__Collected material__.
++++++++++

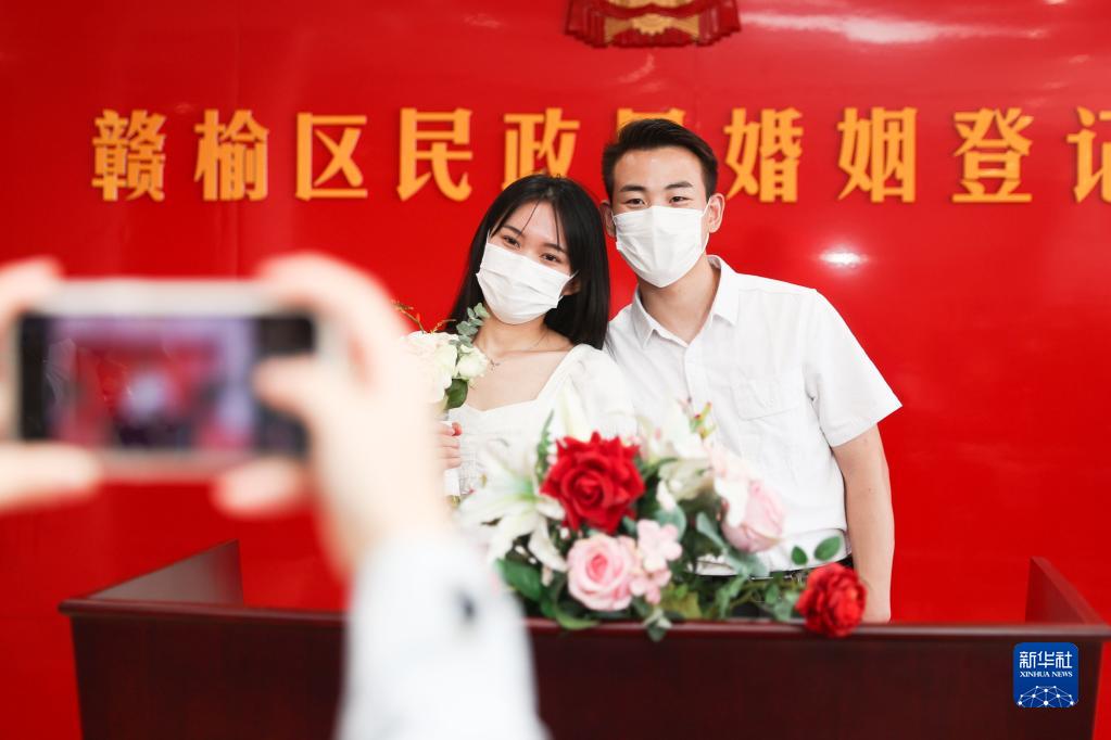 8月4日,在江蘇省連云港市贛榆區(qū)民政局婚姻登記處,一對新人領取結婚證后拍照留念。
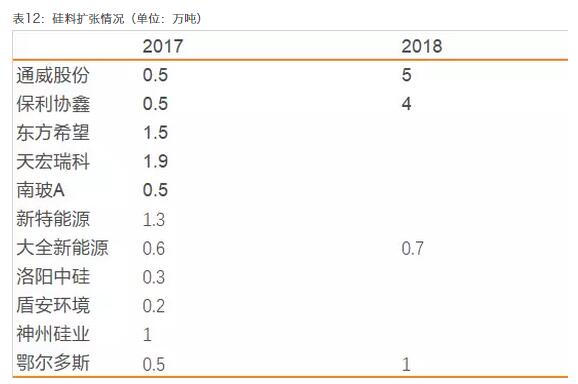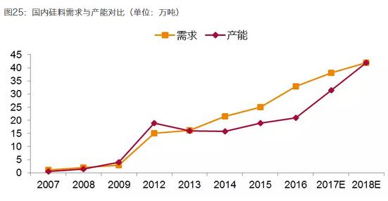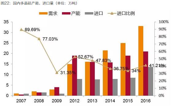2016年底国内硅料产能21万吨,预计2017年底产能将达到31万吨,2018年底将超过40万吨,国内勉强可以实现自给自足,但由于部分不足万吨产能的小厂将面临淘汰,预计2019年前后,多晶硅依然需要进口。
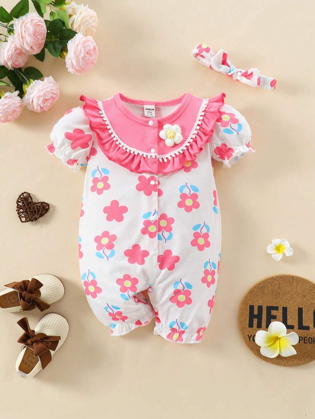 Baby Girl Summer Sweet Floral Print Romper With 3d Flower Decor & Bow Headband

++++++++++

__Activity__. Could you transcribe all of the data exactly, keeping every picture out of the copy?

__Solution__.
 8月4日,在江蘇省連云港市贛榆區(qū)民政局婚姻登記處,一對新人領取結婚證后拍照留念。
2016年底国内硅料产能21万吨,预计2017年底产能将达到31万吨,2018年底将超过40万吨,国内勉强可以实现自给自足,但由于部分不足万吨产能的小厂将面临淘汰,预计2019年前后,多晶硅依然需要进口。
 Baby Girl Summer Sweet Floral Print Romper With 3d Flower Decor & Bow Headband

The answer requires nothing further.